Now, that’s not going to win a Pulitzer and it might not be the worst corruption in the world. But she dug into it, got the Freedom of Information Act going so that she could get at what happened, and asked the question. I don’t know if I want to call it corruption, but it’s government doing its thing in a way that newspapers can get in the way of. And so, I was interested to see that the Orchard Park town council, by the end of this little teeny news cycle, they were sort of ‘fessing up and saying we messed up and we appreciate the news media — and I think meaning The Buffalo News largely — for pointing this out to us. To me, that’s sort of the nub of a lot of this.
Now, there also can be huge, important investigations — the work that Julie Brown did at the Miami Herald on Jeffrey Epstein. There are ones that we know about because they have really risen to a level that is national and get a lot of attention. But there also are a lot of small things that happen that we need to keep an eye on.

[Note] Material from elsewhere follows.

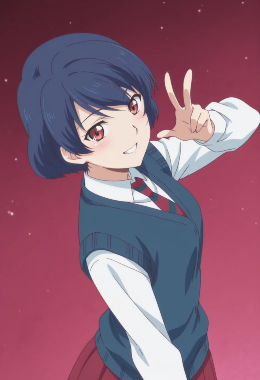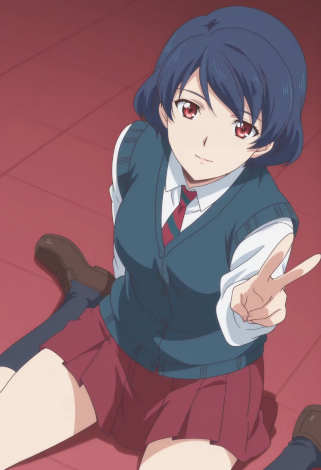 school uniform, white shirt, sweater vest, white shirt, long sleeves, blue vest, striped necktie, red skirt,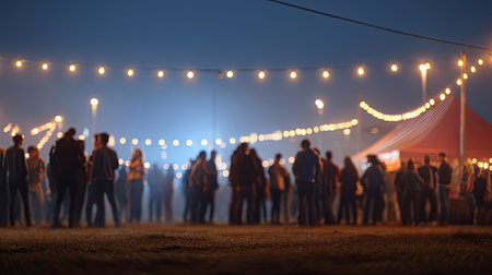 A lively night festival scene featuring a crowd gathered under twinkling lights, with a colorful tent in the background creating a joyful and vibrant atmosphere.

Jacob: You make a point in the book that while watchdog journalism is extremely important, there are lots of other kinds of journalism that may be going away that also are important because they create a sense of community.
Sullivan: I think the reason that I feel so strongly about that is that I was the features editor of The Buffalo News for eight years, a long time. And I helped to establish a new section in the paper called Life & Arts. So I supervised the art critics and the feature writers. And this was the work we did day in and day out, was to write about the fabric of the community, particularly the arts.
It frustrates me that the last thing to go with these news organizations is sports coverage. And often one of the first things to go is, for example, book coverage, arts coverage. If there’s no news organization to do that, the community is missing this core around which it functions.